FIG 5 — Histone deacetylation at two *Ifng* regulatory regions is regulated by Tle4. (A to D) TH1 cells were transfected by nucleofection with a GFP-expressing vector alone or cotransfected with GFP and murine Tle4 expression plasmids. Chromatin samples from sorted GFP⁺ cells were subjected to ChIP assays with anti-AcH4 and anti-AcH3 antibodies to analyze the H4 and H3 acetylation status at the *Ifng* −21kb CNS (A and C) and promoter (B and D). Graphs show means and SEM for 4 to 6 independent experiments. *, P < 0.05. (E and F) TH1 cells were transfected with a GFP-expressing vector alone or cotransfected with GFP and Tle5 expression plasmids. GFP⁺ cells were sorted and subjected to anergizing treatment followed by ChIP analysis using an anti-AcH4 antibody.
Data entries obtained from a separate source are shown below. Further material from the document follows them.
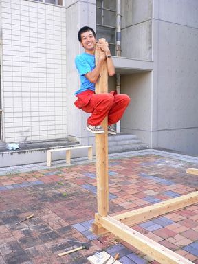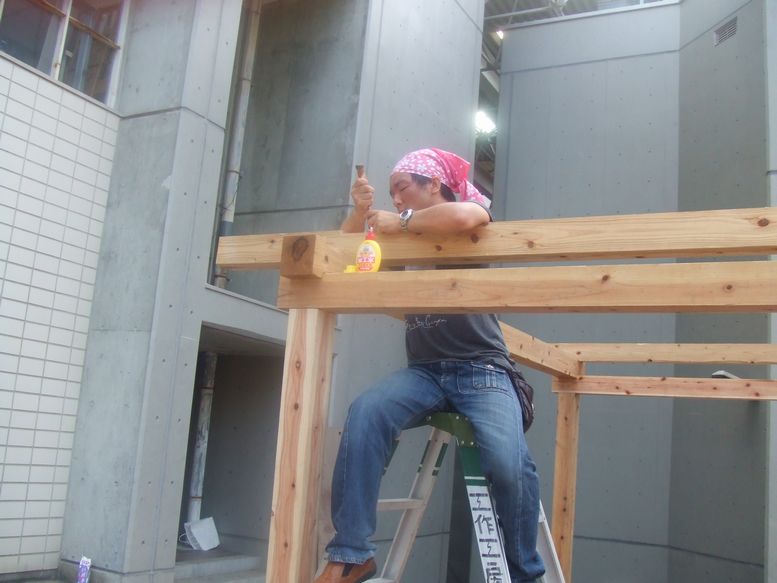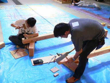 柱のほぞが太すぎたので修正もしました(写真右・犬山がやってます)
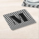 Customise monogram initial black white stripes square paper coaster
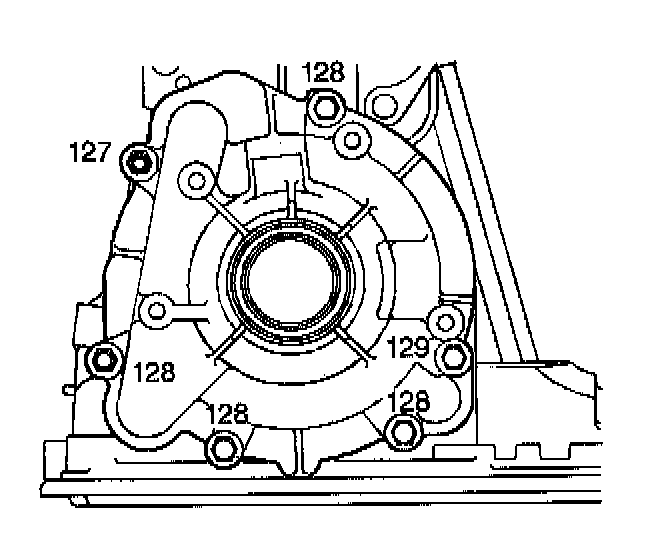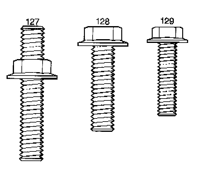 8. Apply pipe thread sealant GM P/N 12346004 to bolt threads before installation. Install the case extension bolts (128, 129).
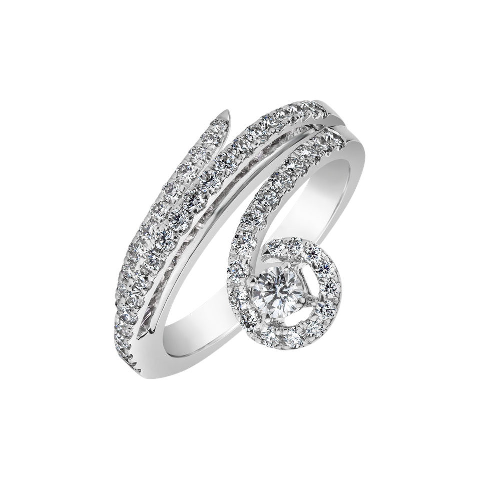 18kt biele zlato a trblietavé diamanty sa stretávajú v krásnom prsteni, ktorý je dokonalým doplnkom pre zásnubné sľuby a svadobné sľuby. Prineste do svojho vzťahu dotyk luxusu a večného spojenia. Šperk je súčasťou kolekcie Luxury Classic.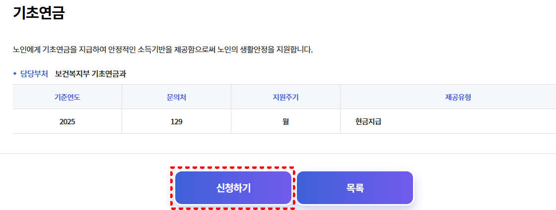 - 기초연금 수급 조건을 충족해야 함 (소득인정액 기준 등)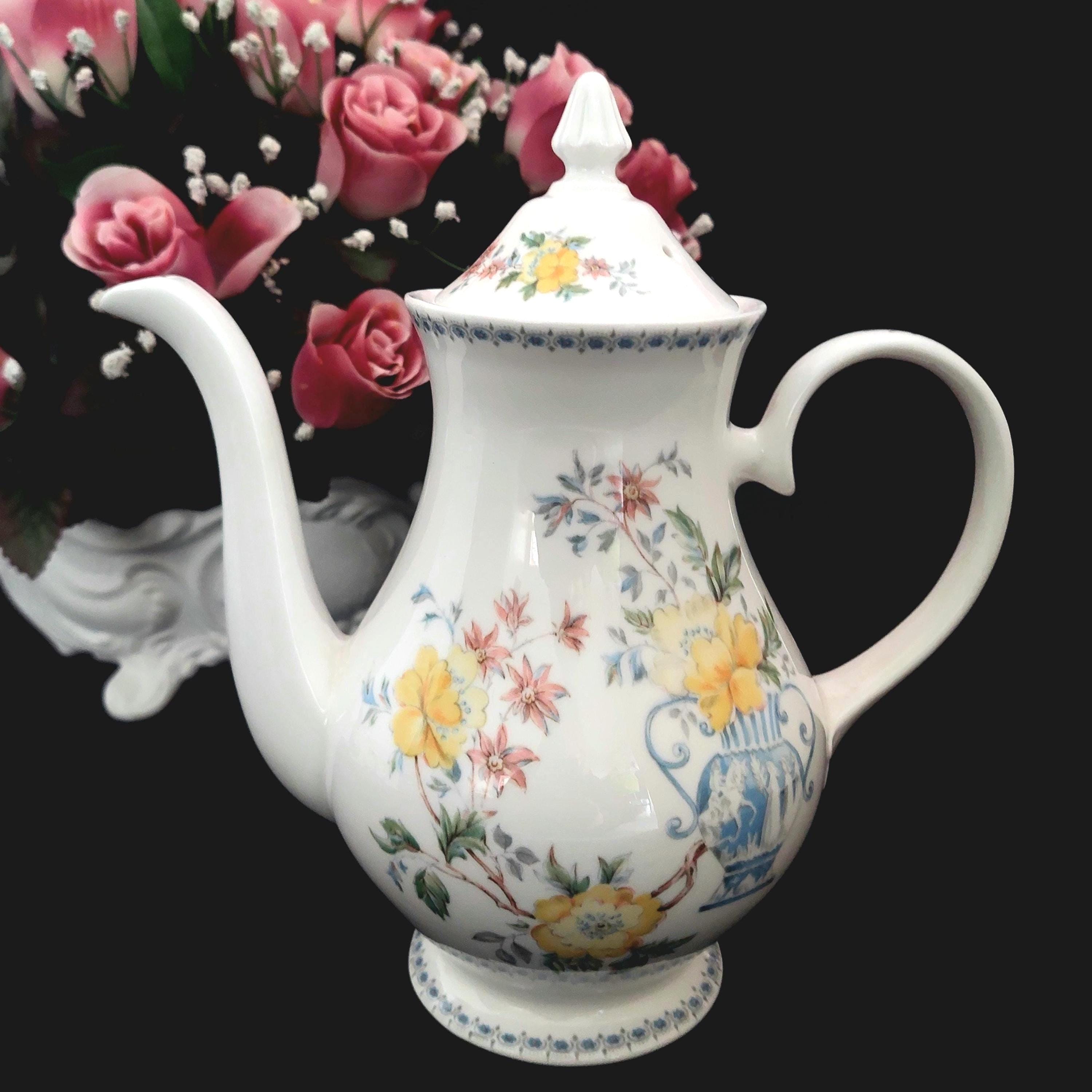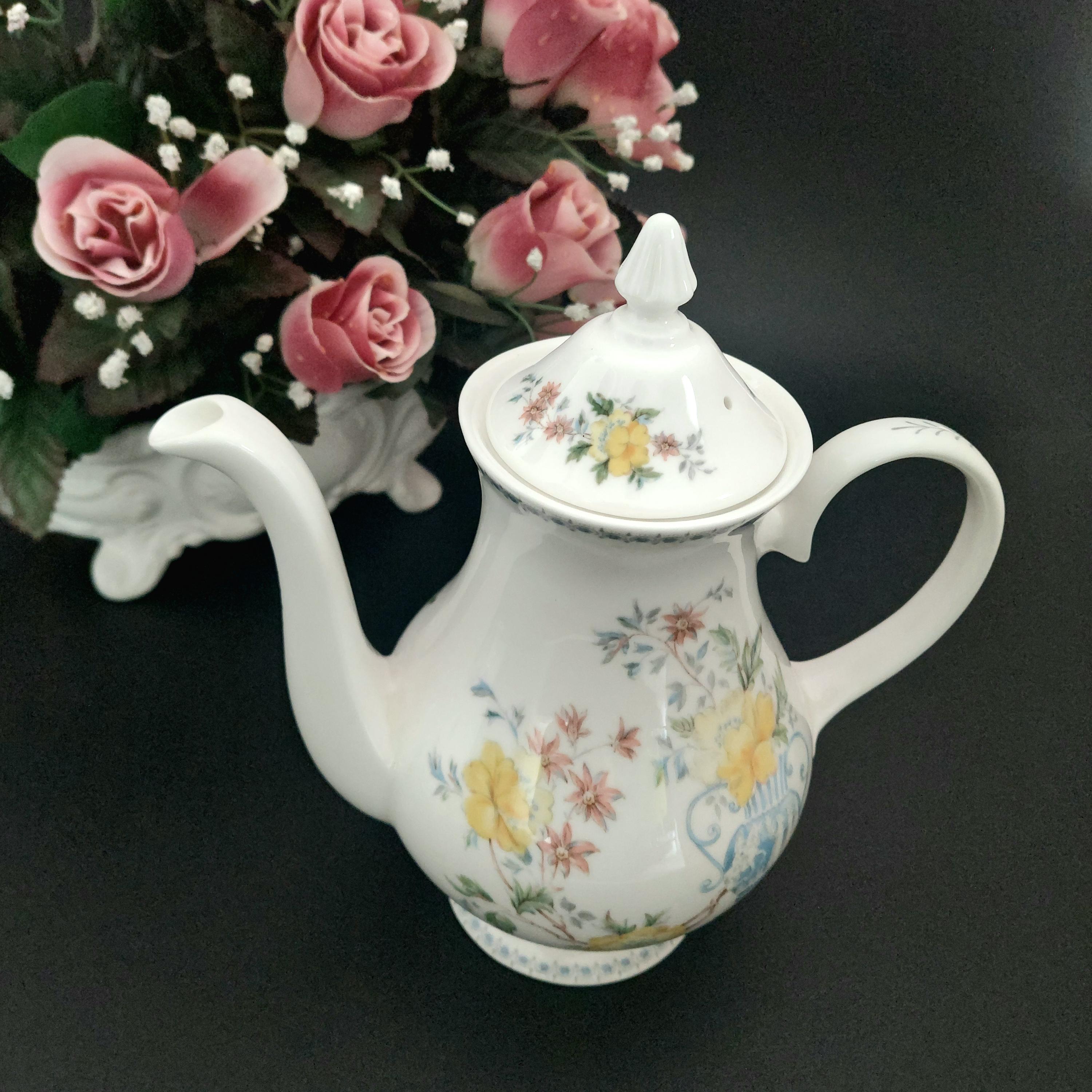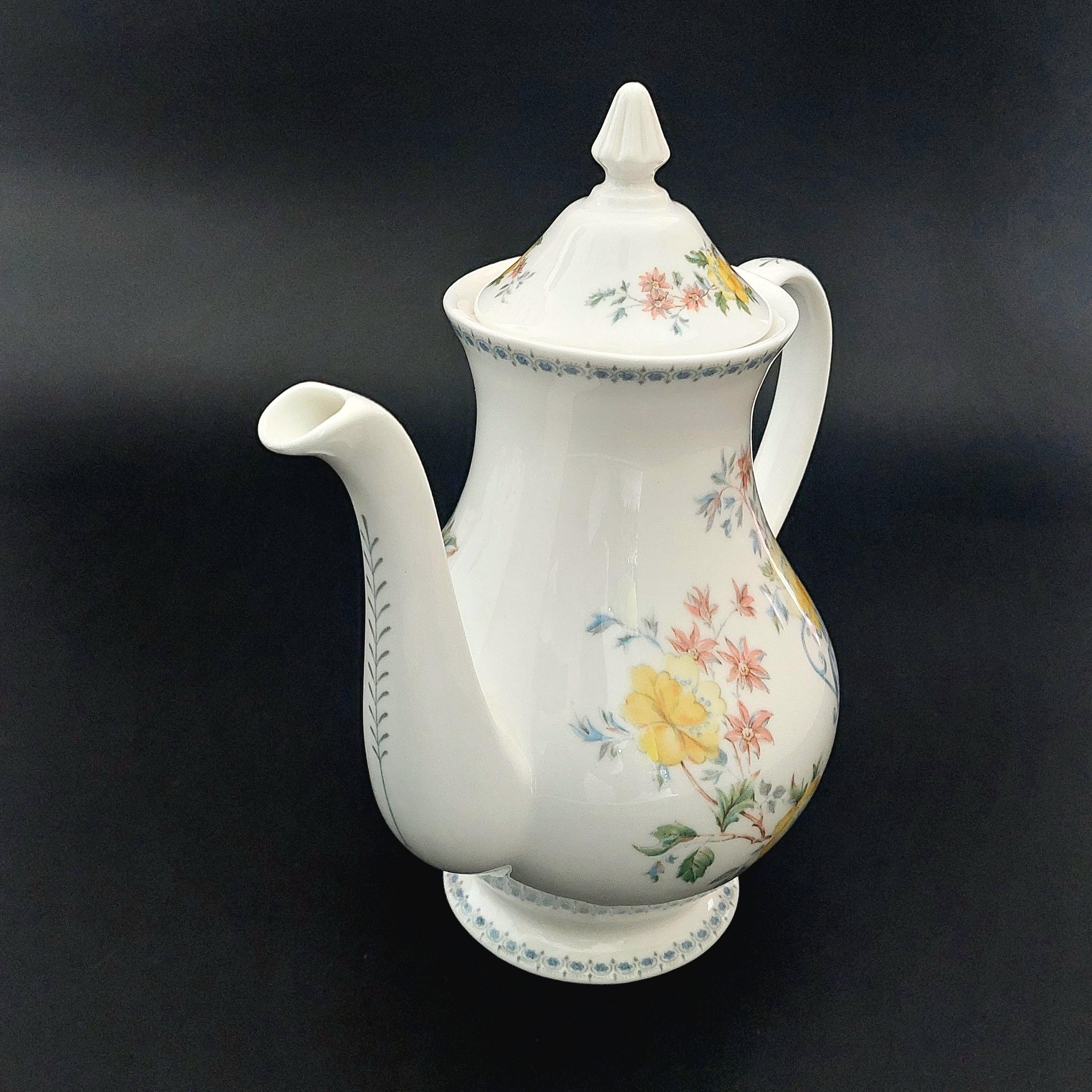 1990s Royal Grafton bone china coffee pot in the floral Heritage pattern. Made in England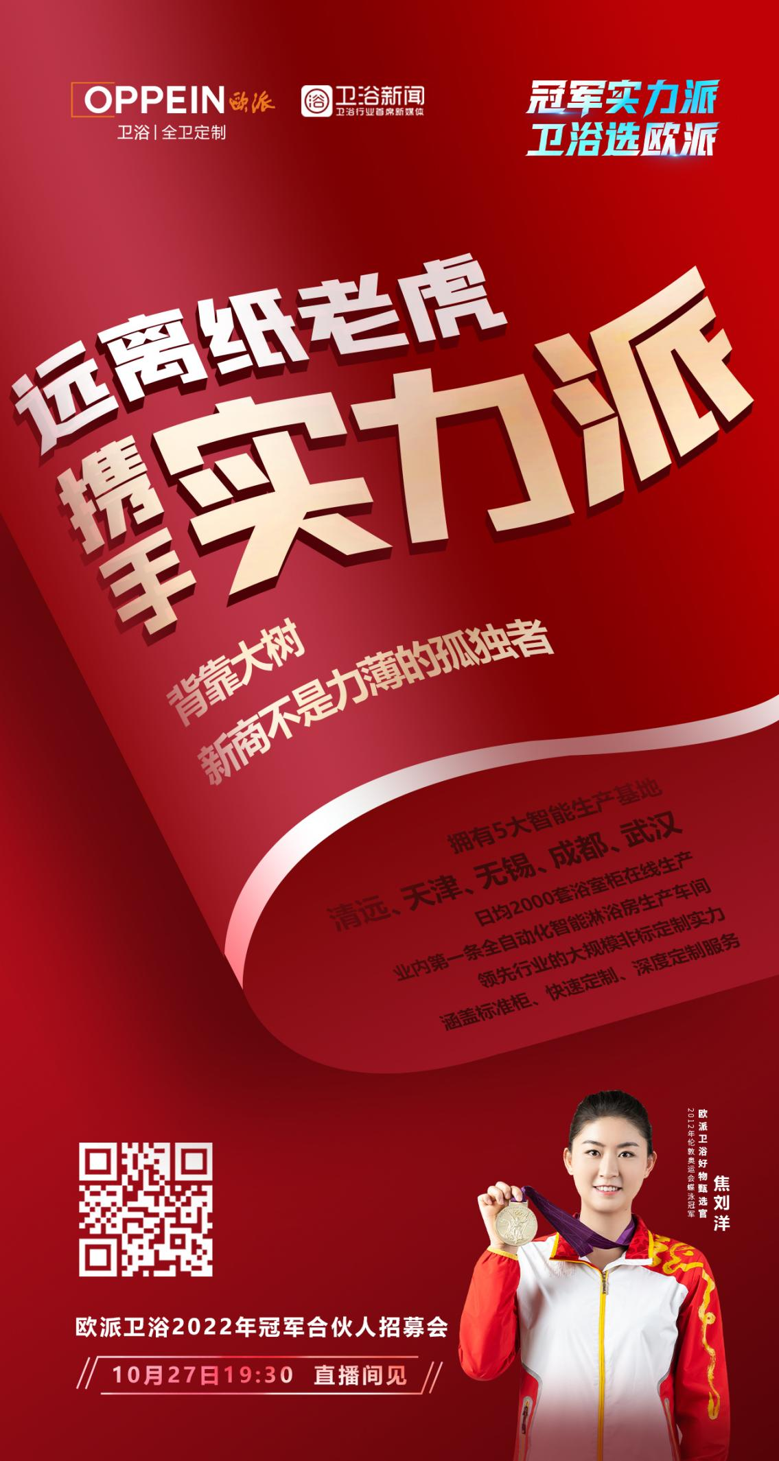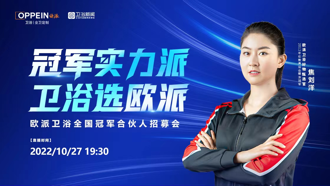 10月27 日19:30,“冠军实力派,卫浴选欧派”欧派卫浴2022年冠军合伙人招募会即将揭晓答案,并面向全国经销商开启新的财富通道。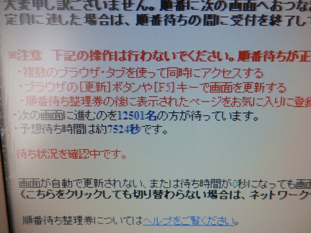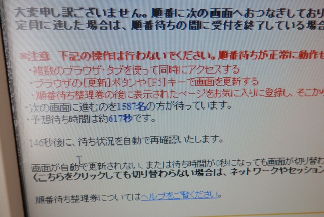 アクセスは既に1578人待ちで、接続に10分待ちの状況です。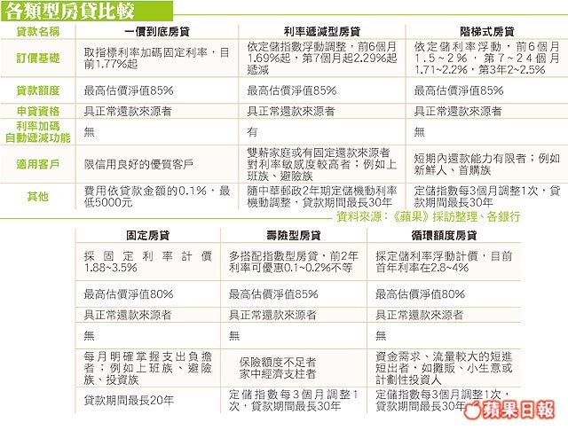 房貸產品琳瑯滿目,購屋人應如何挑選適合的房貸產品?坊間房貸大致可分為一般指數型房貸、抵利型、額度型或理財型房貸。亦有不少銀行業者推出結合2類型房貸優點的產品,提供民眾彈性的財務規劃。如上海銀行、花旗銀行均推出「活用型房貸」。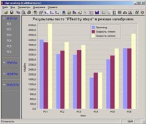Исключив сервер из рассмотрения дисковой системы, можно основное внимание уделить локализации дефектов и определению узких мест в рабочих станциях сети и активном сетевом оборудовании. Диагностика сервера и оценка влияния производительности дисковой системы сервера на общую производительность сети производится другими тестами. На рис. 5 показан пример результатов этого теста.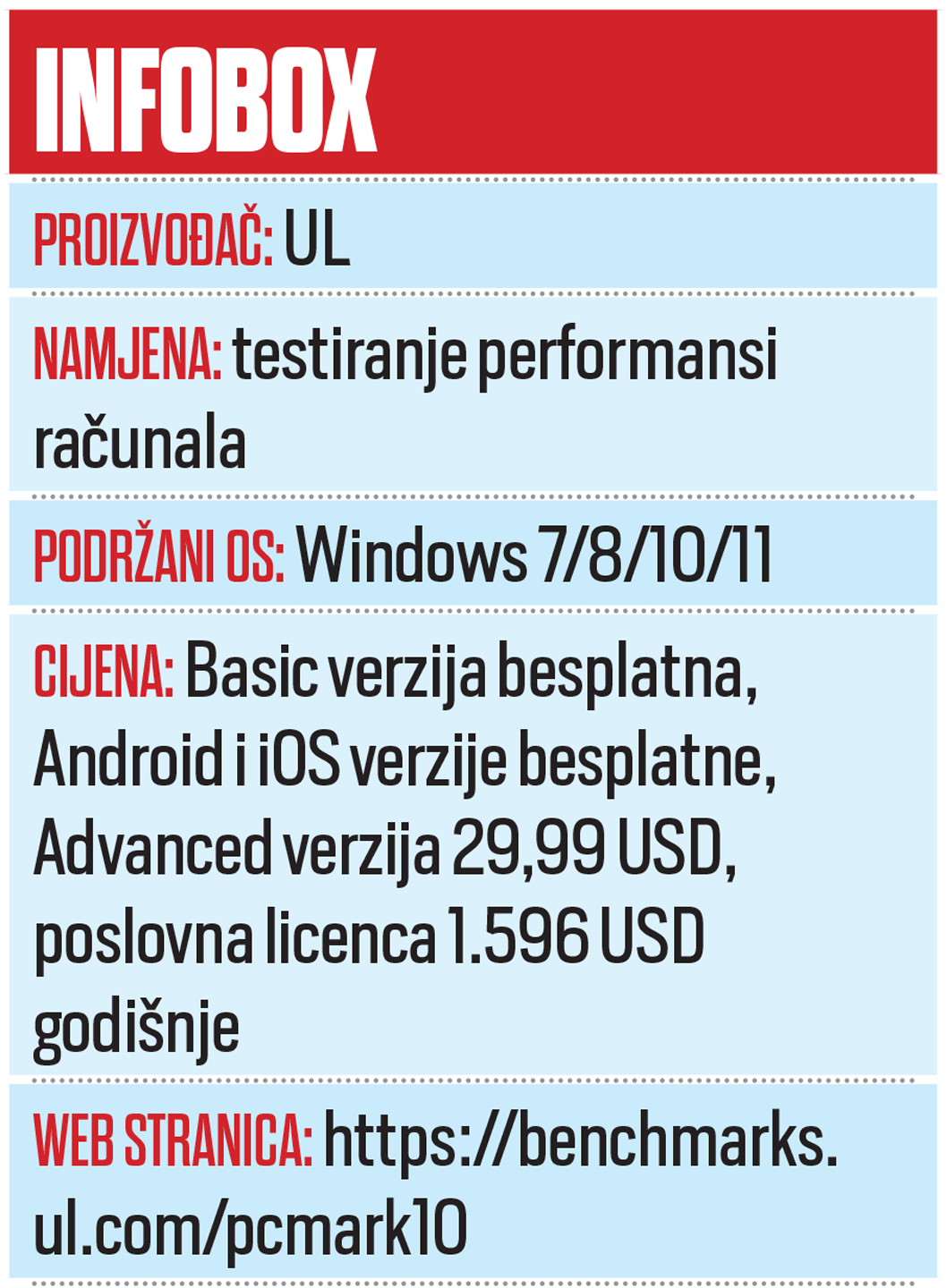 Svakako jedan od najpoznatijih općenitih testova performansi računala. U svojoj aktualnoj verziji, PCMark 10 je zapravo skup različitih testova koji vam omogućuju da brzo i jednostavno testirate performanse pojedinih računala ili nekih dijelova jednog računala. Novije verzije PCMarka se dobrim dijelom oslanjaju na testove u stvarnom okruženju, odnosno koriste upravo one aplikacije koje svi mi često koristimo u svakodnevnom radu s računalom. Valja napomenuti kako postoji i posebna verzija namijenjena testiranju performansi Android uređaja pod nazivom „PCMark for Android“ koja se razlikuje od PCMarka 10.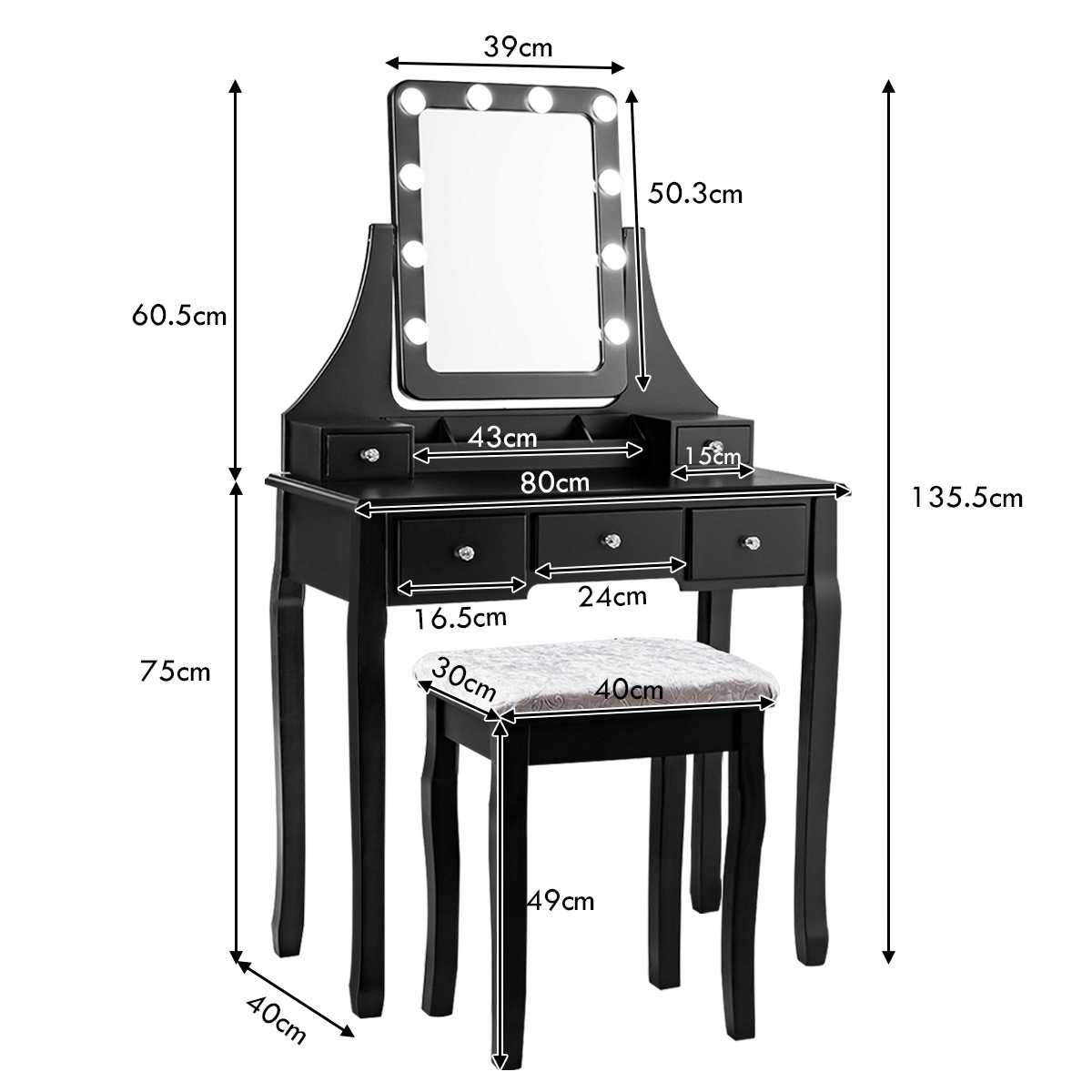 Світлодіодне підсвічування - 10 світлодіодних ламп з регульованою яскравістю забезпечують природне світло без тіней. Туалетний столик ідеально підходить для щоденного догляду та нанесення макіяжу.

Data show comparisons between anergized cells and Tle5-expressing anergized cells in terms of relative % acetylation of the *Ifng* −21kb CNS (E) or the *Ifng* and *Il2* promoters (F). Graphs show means and SEM for 4 independent experiments. *, P < 0.05.

Blimp1 is a potential recruiter of Tle4 to the −21kb CNS.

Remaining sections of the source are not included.